The incredible expense of getting old in America

The Kaiser Family Foundation has recently done some excellent reporting on the out-of-pocket expenses faced by seniors on Medicare. Using data from the 2016 Medicare Current Beneficiary Survey (MCBS), they found that the average Medicare beneficiary pays $5,460 out-of-pocket each year for health related expenses such as co-pays, medical supplies, or medications. This spending amounts to 12% of these seniors’ total income, reducing the amount of money they have available for food, housing, or transportation.

Elders have struggled with these costs, resorting to putting their health at risk by skipping doses of necessary medications or delaying necessary medical care.

Working in primary care, I see this brutal self-rationing all too often. Elder patients who cannot talk to their grandchildren because they cannot afford hearing aids, who cannot eat the foods they enjoy because they cannot afford dentures.

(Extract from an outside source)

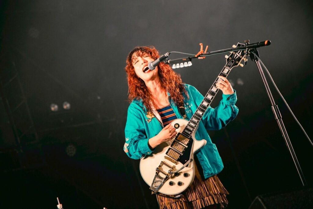 アッパーな「ティーンエイジサンセット」、スピーディーな「僕らの時代」とライヴキッズを興奮させるエネルギッシュな楽曲を畳みかけ、メンバー3人が一児の母とは思えない爆発ぶりを見せつける彼女たち。「SHANKを聴いていると、まともな大人にならないよ」と前フリを入れると、次は「番狂せ」をプレイ。曲の中に「しょうもない大人になりたいわ」の歌詞が何度も出てくるけれど、周りの目なんて気にせず、自分のやりたいように生きろ!と背中を押される気分になったのは筆者だけではないはず。曲の終わりに「どうしようもない大人で行こうぜ!」と呼びかける様が印象的であった。

It’s devastating.

For seniors that require long-term care services such as a rehab or skilled nursing facility, average out-of pocket spending was $23,045 or 79% of their income. For context, 70% of people over the age of 65 spend at least some time in a skilled nursing facility. For seniors who need full-time nursing care which is not covered by Medicare, the average cost is $102,200 per year.

Because our current Medicare program does not cover long-term care, seniors are forced to spend-down, essentially selling off all of their assets to pay medical bills until they are impoverished enough to qualify for Medicaid. The majority of people in nursing homes end up in this situation.

Access to needed medical services need not impoverish us in our later years when we should be spending our time and energy with the family and friends that bring meaning and joy to our lives.

Bernie Sanders’ Medicare For All plan addresses all of this. It removes cost-sharing for medical care and expanding benefits to cover hearing, dental care, and long term care services.

The specific proposal to make long-term care services a covered benefit of Medicare is quite popular in polling. Even with a negative framing, Data For Progress found that 60% support while only 27% oppose this benefit expansion.

Seniors are understandably anxious about politicians messing with Medicare. After all, Republicans have tried again and again to reduce Medicare benefits and increase medical costs for seniors. However, single payer Medicare for All makes the program more generous for seniors, while giving all Americans access to the same high quality level of care.

Author: Harrison Kalodimos

I'm a family medicine resident at Swedish Medical Center in Seattle.